## EXERCISE REQUIREMENTS
Write out the entire listing below exactly as it appears, minus any pictures.

## RECORD EXTRACTS

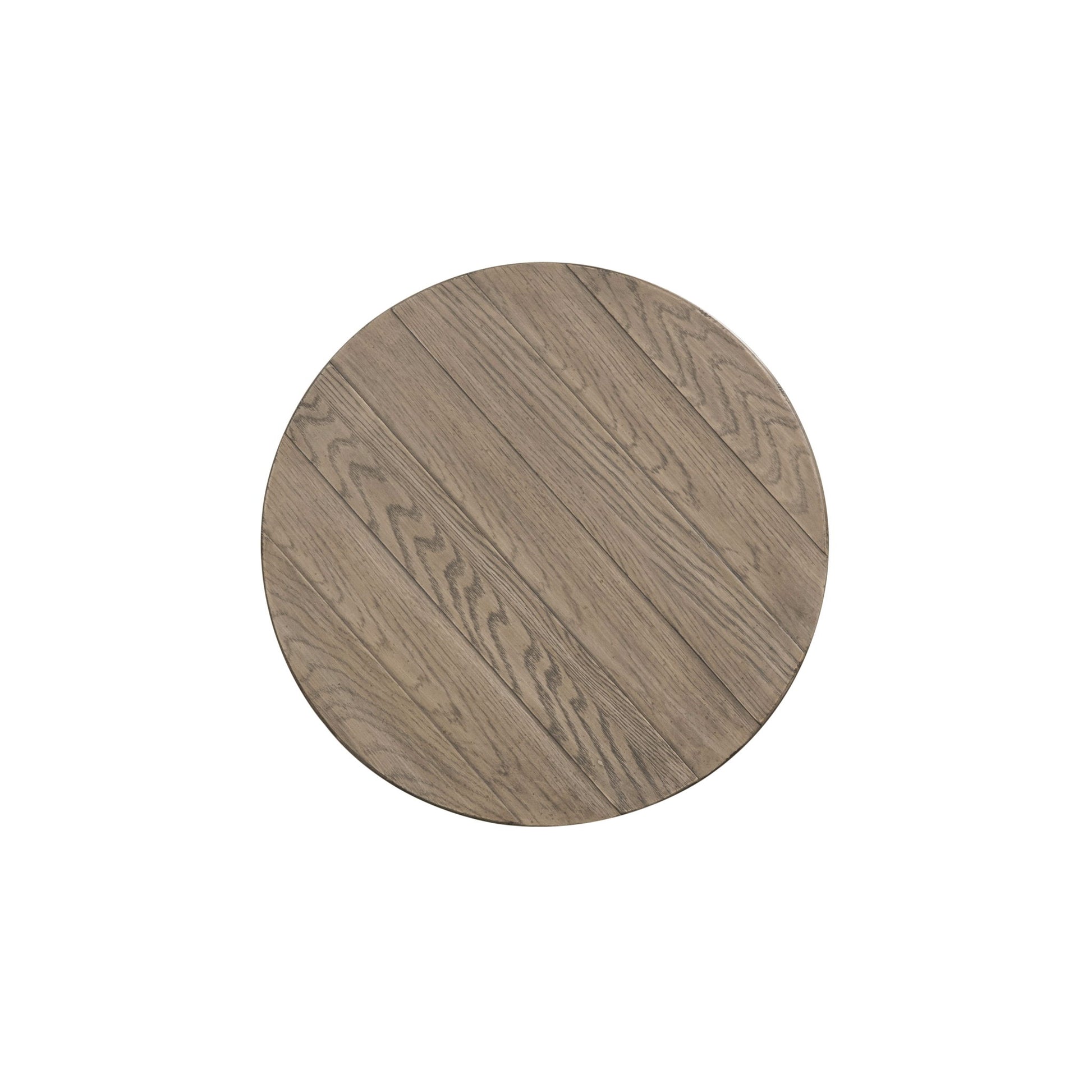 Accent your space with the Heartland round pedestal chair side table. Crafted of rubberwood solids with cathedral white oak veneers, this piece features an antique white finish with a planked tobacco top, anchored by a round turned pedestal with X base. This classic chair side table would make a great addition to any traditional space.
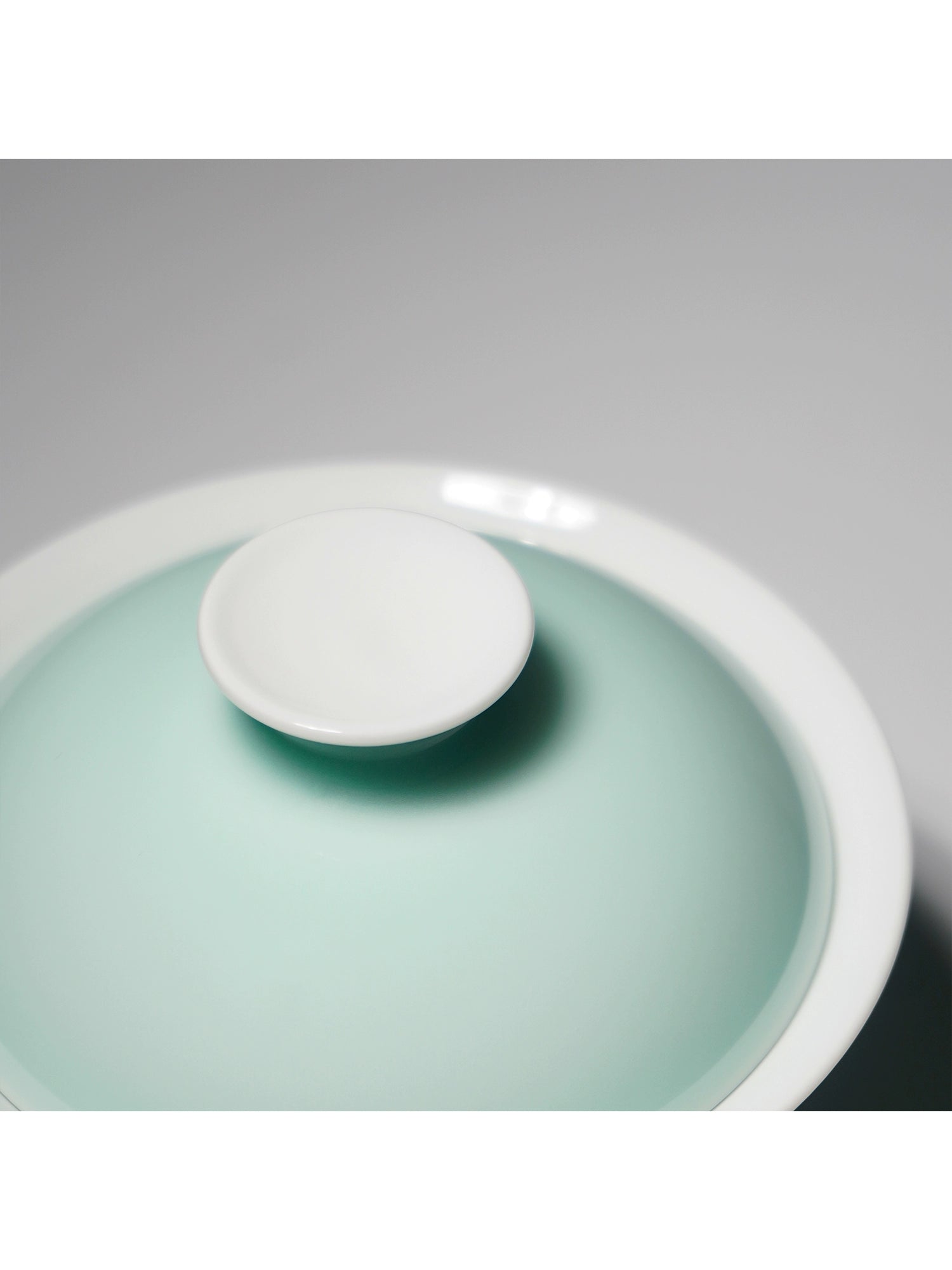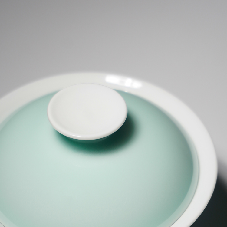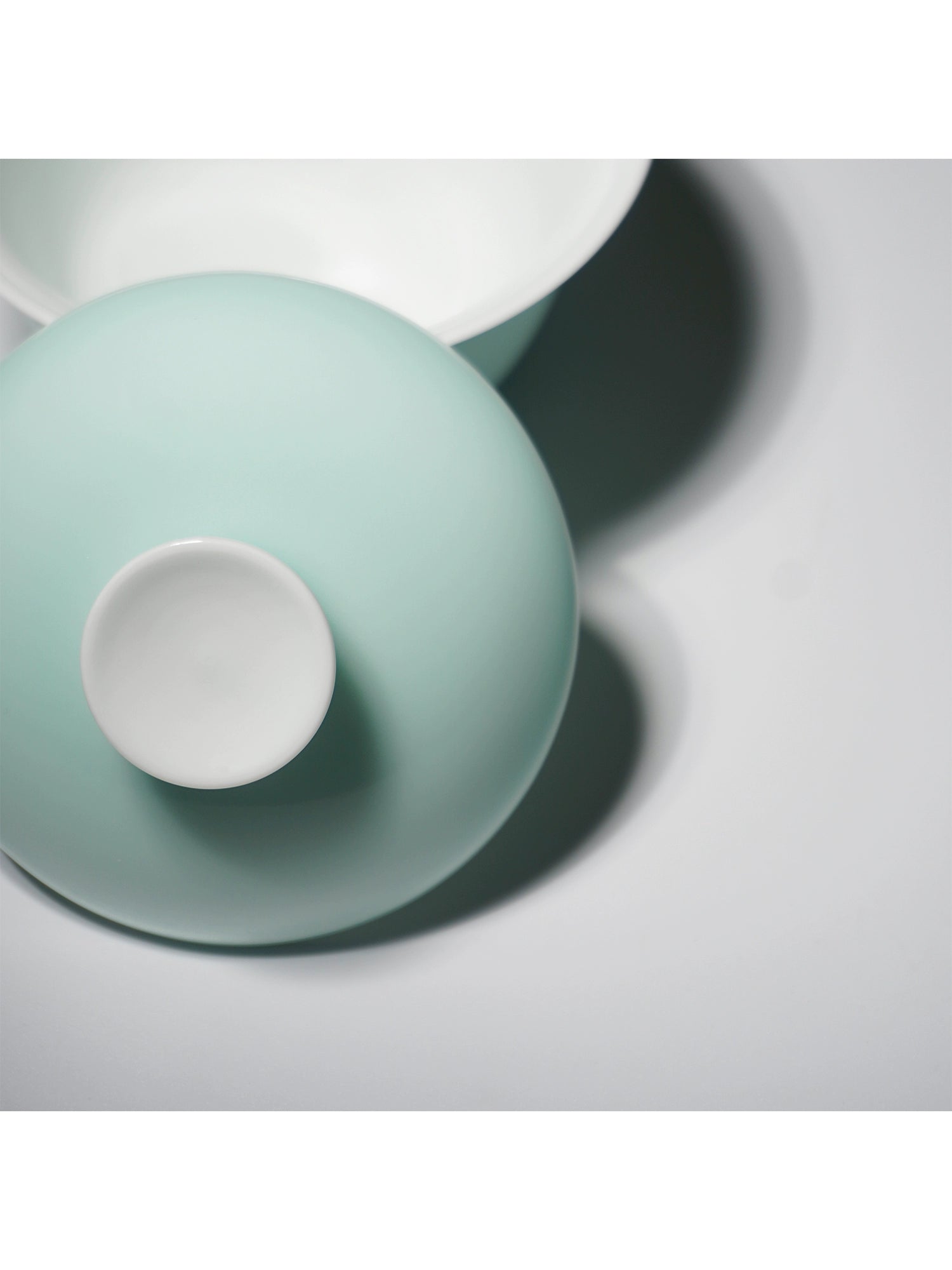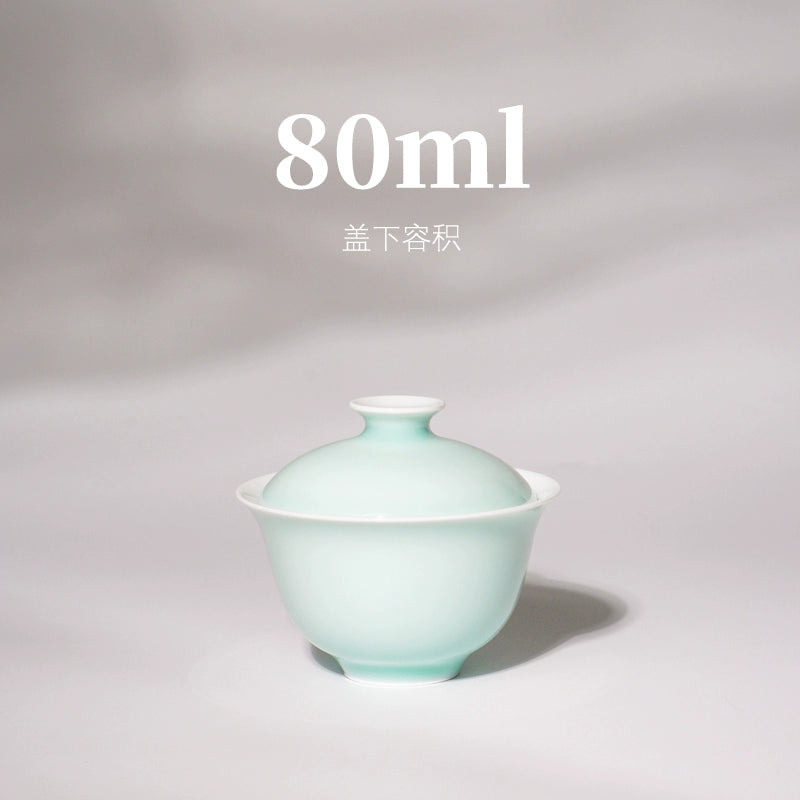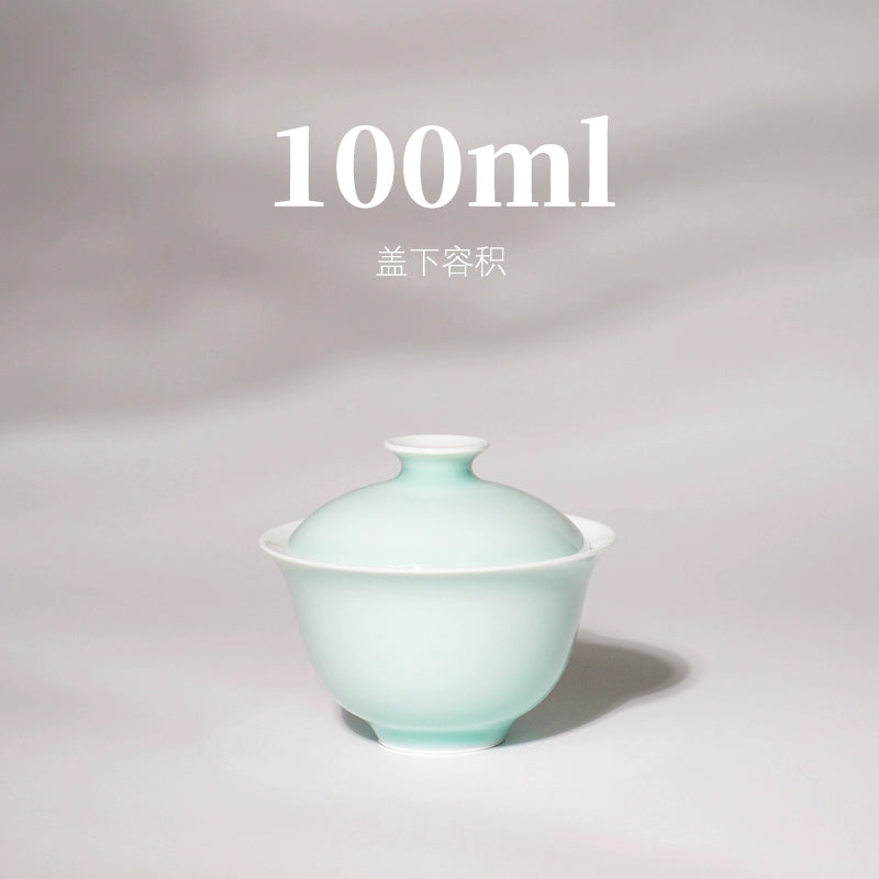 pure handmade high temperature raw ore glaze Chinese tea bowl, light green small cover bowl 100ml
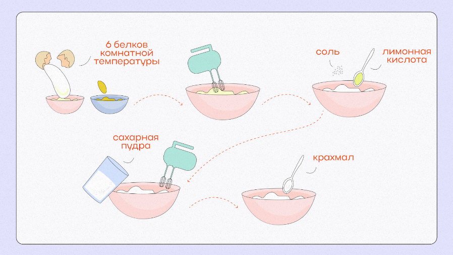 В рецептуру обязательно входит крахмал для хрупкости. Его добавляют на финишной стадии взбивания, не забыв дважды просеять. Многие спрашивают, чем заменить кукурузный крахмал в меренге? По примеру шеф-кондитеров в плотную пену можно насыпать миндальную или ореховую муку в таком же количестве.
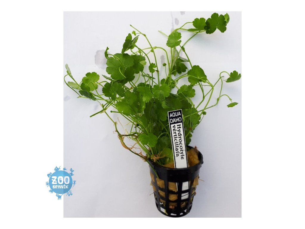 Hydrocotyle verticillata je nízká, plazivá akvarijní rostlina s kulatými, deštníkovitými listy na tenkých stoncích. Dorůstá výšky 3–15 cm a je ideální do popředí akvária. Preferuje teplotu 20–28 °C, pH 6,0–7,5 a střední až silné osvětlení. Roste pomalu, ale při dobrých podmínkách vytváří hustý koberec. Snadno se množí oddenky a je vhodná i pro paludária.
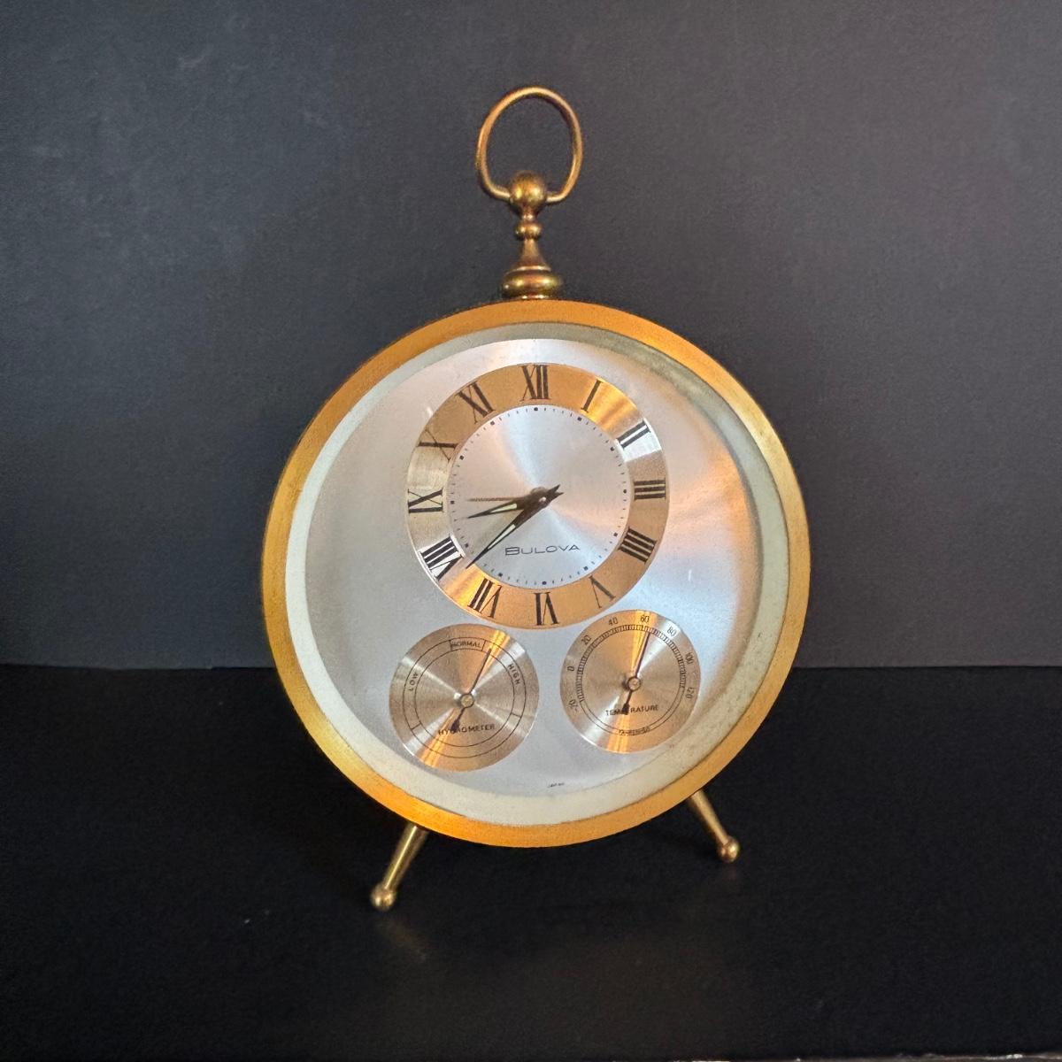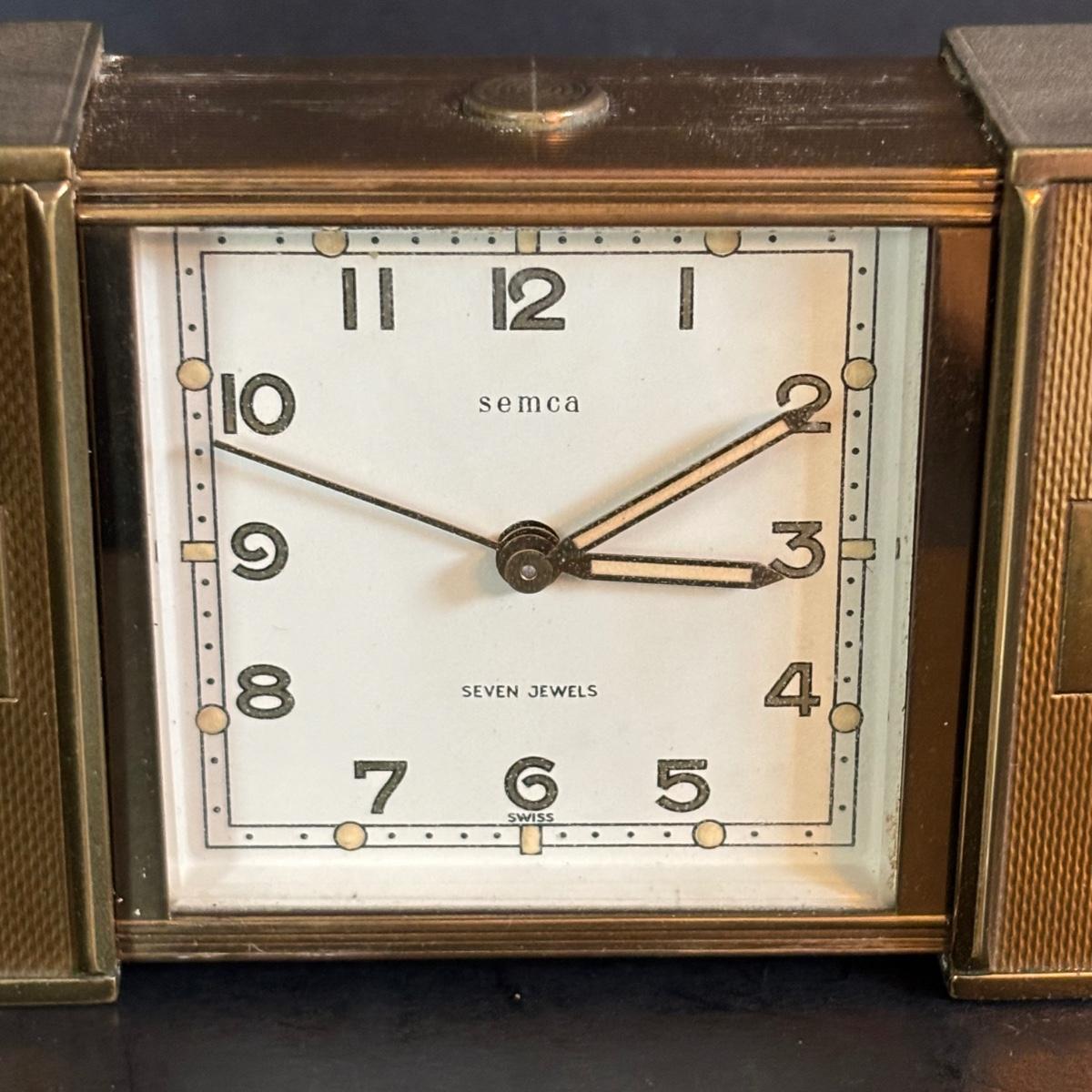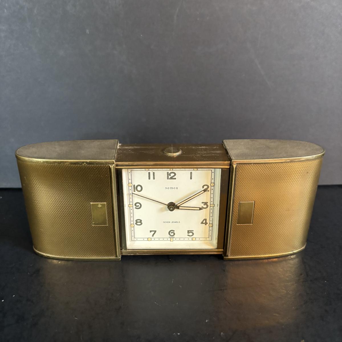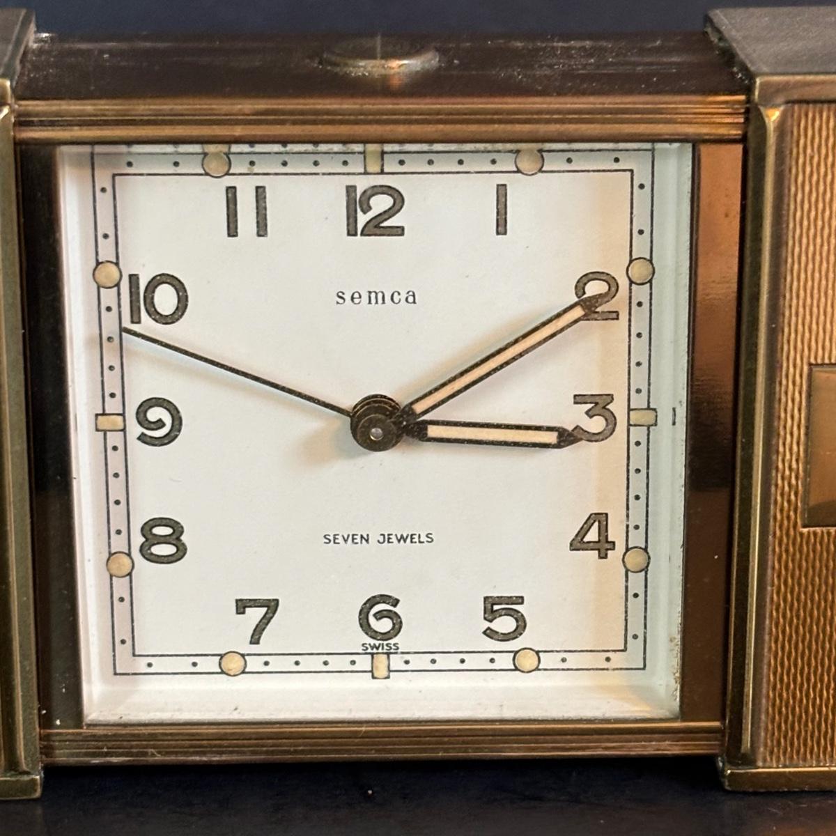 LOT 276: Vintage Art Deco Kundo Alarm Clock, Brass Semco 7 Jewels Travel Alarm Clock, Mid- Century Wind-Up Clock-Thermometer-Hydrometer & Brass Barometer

## FINISHED TASK
 Accent your space with the Heartland round pedestal chair side table. Crafted of rubberwood solids with cathedral white oak veneers, this piece features an antique white finish with a planked tobacco top, anchored by a round turned pedestal with X base. This classic chair side table would make a great addition to any traditional space.
 pure handmade high temperature raw ore glaze Chinese tea bowl, light green small cover bowl 100ml
 В рецептуру обязательно входит крахмал для хрупкости. Его добавляют на финишной стадии взбивания, не забыв дважды просеять. Многие спрашивают, чем заменить кукурузный крахмал в меренге? По примеру шеф-кондитеров в плотную пену можно насыпать миндальную или ореховую муку в таком же количестве.
 Hydrocotyle verticillata je nízká, plazivá akvarijní rostlina s kulatými, deštníkovitými listy na tenkých stoncích. Dorůstá výšky 3–15 cm a je ideální do popředí akvária. Preferuje teplotu 20–28 °C, pH 6,0–7,5 a střední až silné osvětlení. Roste pomalu, ale při dobrých podmínkách vytváří hustý koberec. Snadno se množí oddenky a je vhodná i pro paludária.
 LOT 276: Vintage Art Deco Kundo Alarm Clock, Brass Semco 7 Jewels Travel Alarm Clock, Mid- Century Wind-Up Clock-Thermometer-Hydrometer & Brass Barometer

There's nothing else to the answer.